Увеличить |
XLVII
Прошло много времени, прошло сорок лет. Был 1853 год.
Русский отряд направлялся в третий со времени Петра
Великого, решительный поход в Среднюю Азию. Во главе отряда шел военный
генерал-губернатор Оренбургского края, шестидесятилетний, еще бодрый на вид, но
уже с слабым здоровьем, страдавший одышкой, генерал-адъютант, вскоре затем
граф, Василий Алексеевич Перовский. В его отряде находился молоденький,
белокурый и еще безусый офицер в адъютантской форме, как говорили, крестник
генерал-губернатора. Последний, доверяя ему часть своей переписки, оказывал ему
особое расположение. Это был внук Ксении, Павел Николаевич Тропинин. Недавно из
кадетского корпуса, он был тайно влюблен где-то в Москве и, состоя при
начальнике отряда, с нетерпением ждал конца экспедиции, чтобы ехать и жениться
на любимой девушке. Среди невзгод и тяжестей походов командир отряда, покончив
с текущими приемами и распоряжениями, любил беседовать с юношей-крестником о
судьбах дикой пустыни, по которой они в это время шли и в глубине которой, сто
двадцать пять лет назад, разбитым и покоренным хивинским ханом был так
предательски перерезан весь русский отряд князя Бековича-Черкасского. Под
войлочной кибиткой, у спасительного самовара, старым командиром отряда нередко
делались поминки о более близкой поре — великой эпопее двенадцатого года, когда
рассказчику пришлось вынести тяжелый плен. В седоусом, суровом, а иногда даже
деспотически-желчном генерал-адъютанте, всегда сосредоточенном, сдержанном и
большею частью молчаливом, в эти мгновения пробуждался образ всеми забытого,
некогда молодого, говорливого и юношески-откровенного Базиля Перовского.

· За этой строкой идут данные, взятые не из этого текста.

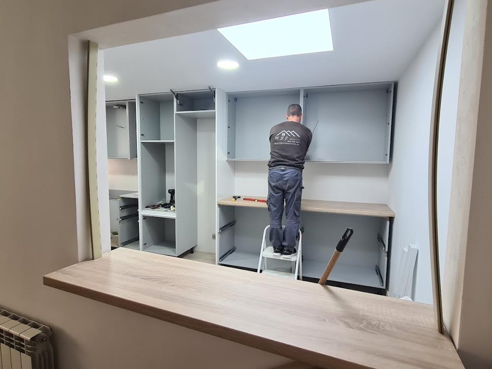 - Carpintería: En nuestra carpintería, fabricamos muebles a medida de alta calidad, incluyendo cocinas, parquet, puertas y ventanas. Nuestro equipo de carpinteros expertos se asegura de que cada pieza cumpla con tus especificaciones y expectativas.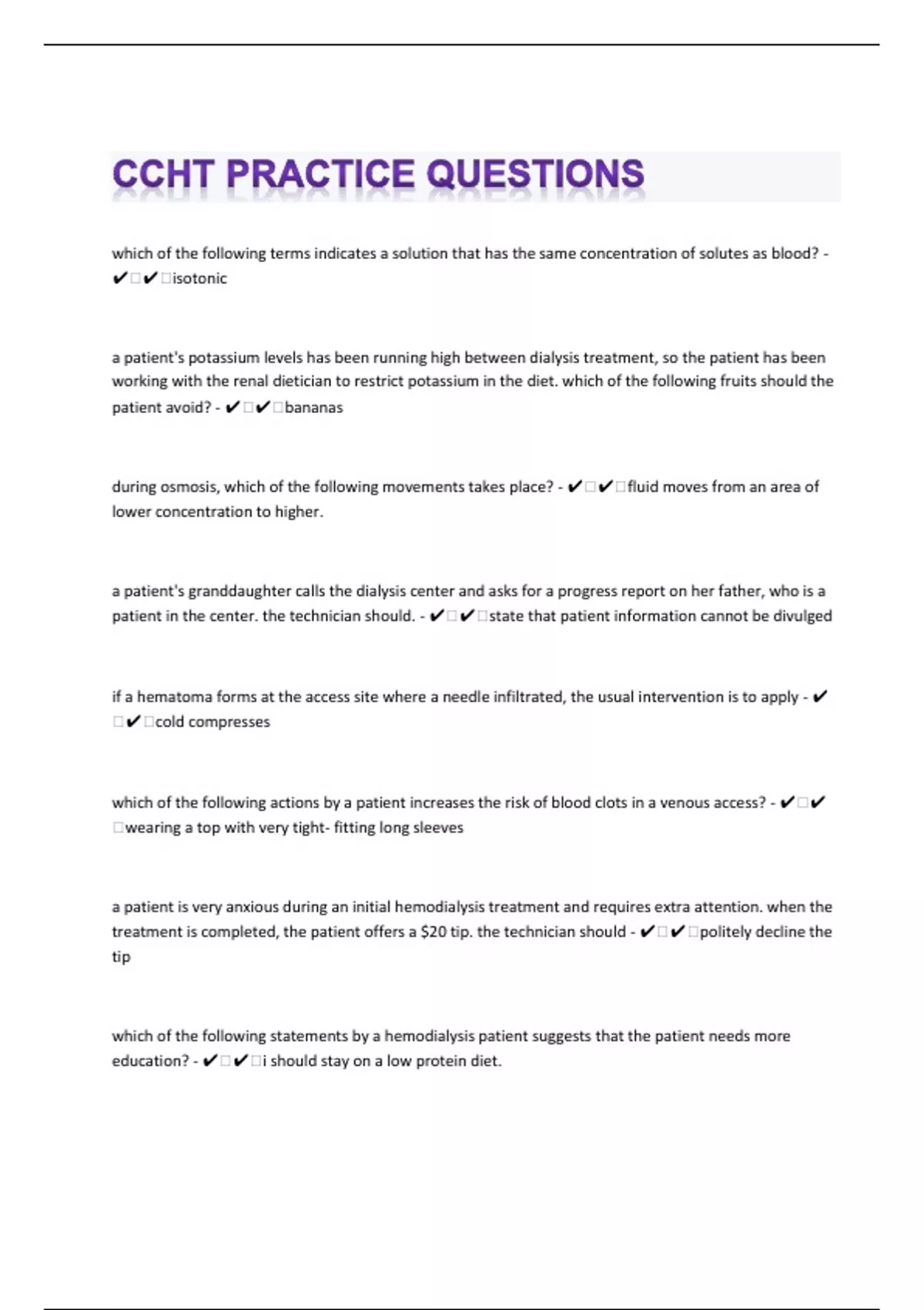 which of the following terms indicates a solution that has the same concentration of solutes as blood? - ️️isotonic a patient's potassium levels has been running high between dialysis treatment, so the patient has been working with the renal dietician to restrict potassium in the diet. which of the following fruits should the patient avoid? - ️️bananas during osmosis, which of the following movements takes place? - ️️fluid moves from an area of lower concentration to higher. a patient's granddaughter calls the dialysis center and asks for a progress report on her father, who is a patient in the center. the technician should. - ️️state that patient information cannot be divulged if a hematoma forms at the access site where a needle infiltrated, the usual intervention is to apply - ️️cold compresses which of the following actions by a patient increases the risk of blood clots in a venous access? - ️️wearing a top with very tight- fitting long sleeves a patient is very anxious during an initial hemodialysis treatment and requires extra attention. when the treatment is completed, the patient offers a $20 tip. the technician should - ️️politely decline the tip which of the following statements by a hemodialysis patient suggests that the patient needs more education? - ️️i should stay on a low protein diet.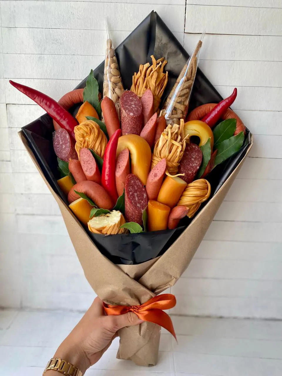 Каждый съедобный букет выполняется индивидуально, поэтому возможно отличие от фото, но стилистика остается неизменной.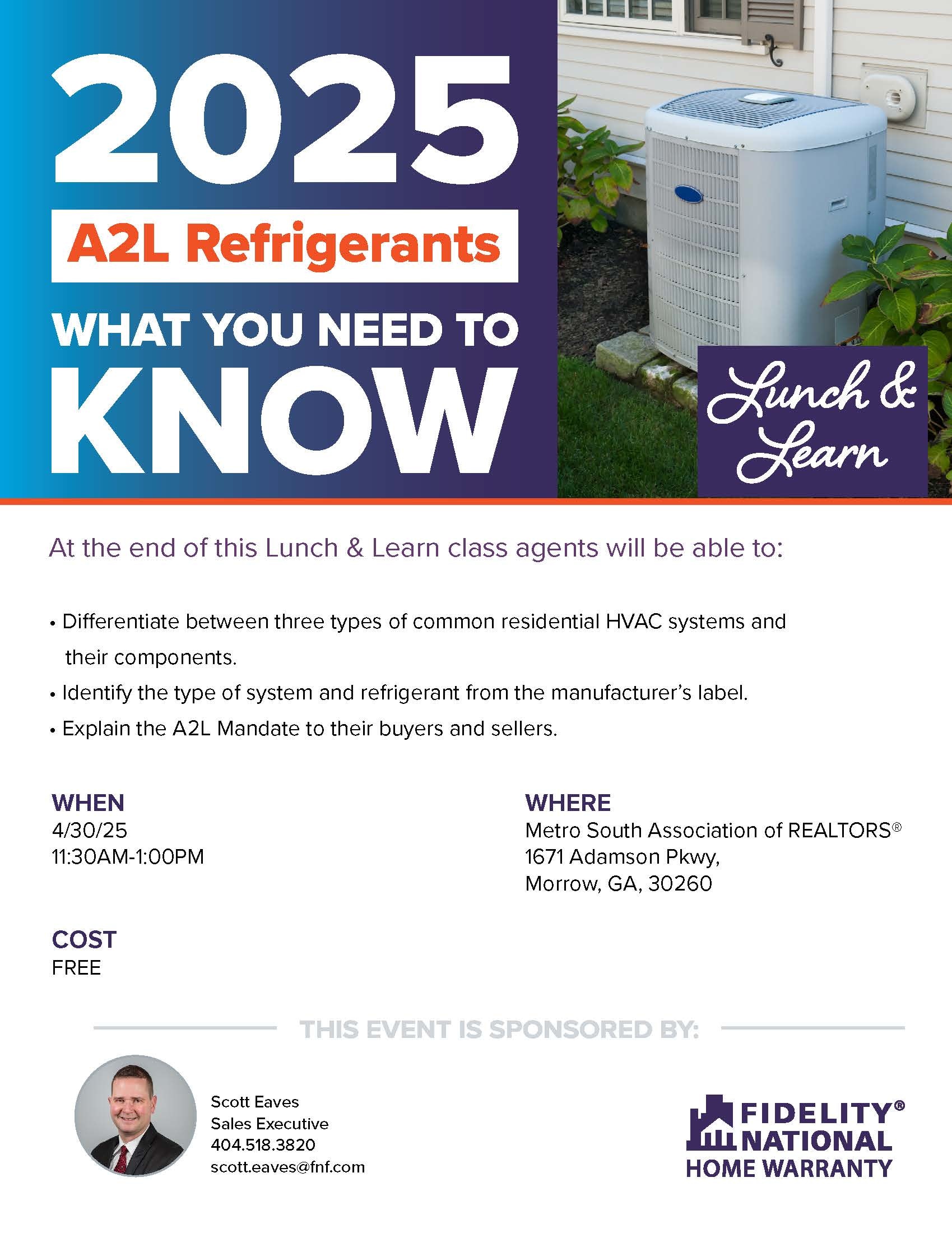 At the end of this Lunch & Learn class agents will be able to: • Differentiate between three types of common residential HVAC systems and their components. • Identify the type of system and refrigerant from the manufacturer’s label. • Explain the A2L Mandate to their buyers and sellers.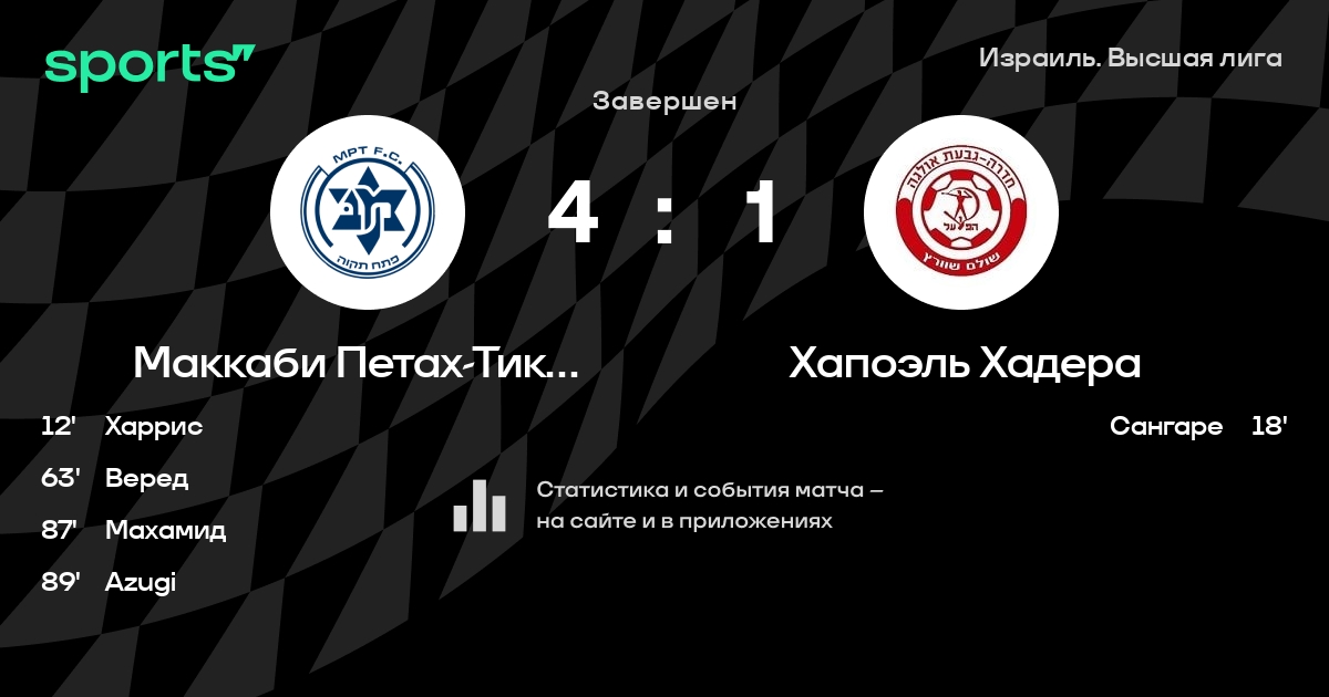 Маккаби Петах-Тиква - Хапоэль Хадера: обзор матча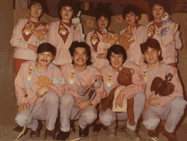 Жаңадан құрылған театрға Орынбор өнер училищесі мен Алматы цирк-эстрадалық студиясының түлектері арнайы шақырылды. Алғашқы директоры болып Біләл Әлімбеков, бас режиссері Марк Александрович Койфман тағайындалды. Бірден екі труппа жасақталып, спектакльдер қазақ-орыс тілдерінде ұсынылды. Мұның өзі көрермен санын арттыруға мүмкіндік берді. 1986 жылы Шымкент қуыршақ театрында еңбек еткен тәжірибелі әртістер Шәріп Ұзақов пен Галина Исинеева арнайы шақыртумен ұжымға келіп қосылды. Шәріп Қасымжанұлы Ресейдің Ленинград қаласында білімін жетілдіріп келген соң 1991 жылы режиссёрлік тізгінді қолға алды. Ол балабақша балдырғандары мен бастауыш сынып оқушыларын ізгілікке баулитын қойылымдар шығаруға күш салды. Сонымен бірге қазақ халқының аңыз-ертегілеріне, тәрбиелік мәні бар спектакльдерге орын берді. Бұл дәстүрді кейін режиссёр Жасұлан Түсіпбеков жалғастырды. Әртіс В.Попов, реквизитор Г.Кабылова, тігінші О. Федосенко қуыршақ труппасы өнерінің дамуына зор үлес қосты. Ұжымды өркендету жолында ұзақ жыл табан аудармай еңбек етіп, бүгінде өмірден өткен әртістер В.Попов пен Г.Исинееваны, қазір өзге өңірлерде жемісті еңбек етіп жүрген режиссёрлер Ш. Ұзақов пен Ж.Түсіпбековті ұжым мүшелері үнемі сүйіспеншілікпен еске алады.

Оставшийся по смерть холостым, он любил вспоминать немногих уцелевших своих
солуживцев и приятелей двенадцатого года и диктовал крестнику задушевные письма
к ним в Россию.
— Неисчерпаемая, великая эпопея, — говорил,
вспоминая двенадцатый год, Перовский, — станет на много лет и на много
рассказов. И как подумаешь, голубчик Павлик, все это некогда было и жило: весь
этот мир двигался, радовался, любил, наслаждался, пел, танцевал и плакал. Все
эти незнакомые новому времени, но когда-то близкие нам весельчаки и печальники,
счастливые и несчастные, имели свое утро, свой полдень и вечер. Теперь они, в
большинстве, поглощены смертью… И нам, старым караульщикам, отрадно заглянуть в
эту ночь и помянуть добрым словом почивших под ее завесой… Дорогие, далекие
покойники.
Но не всех былых приятелей одинаково поминал в душе
Перовскпй. Никому незримая и неведомая, глубокая сердечная рана жгла его и
сушила вечною, несмолкаемою болью. Эту рану и эти страдания знали только
немногие, ближайшие его друзья, в том числе старый его сослуживец, «певец в
стане русских воинов» — Жуковский. Последний посвятил когда-то Василию
Алексеевичу Перовскому трогательное послание:
Я вижу — молодость твоя
В прекрасном цвете умирает,
И страсть, убийца бытия,
Тебя безмолвно убивает…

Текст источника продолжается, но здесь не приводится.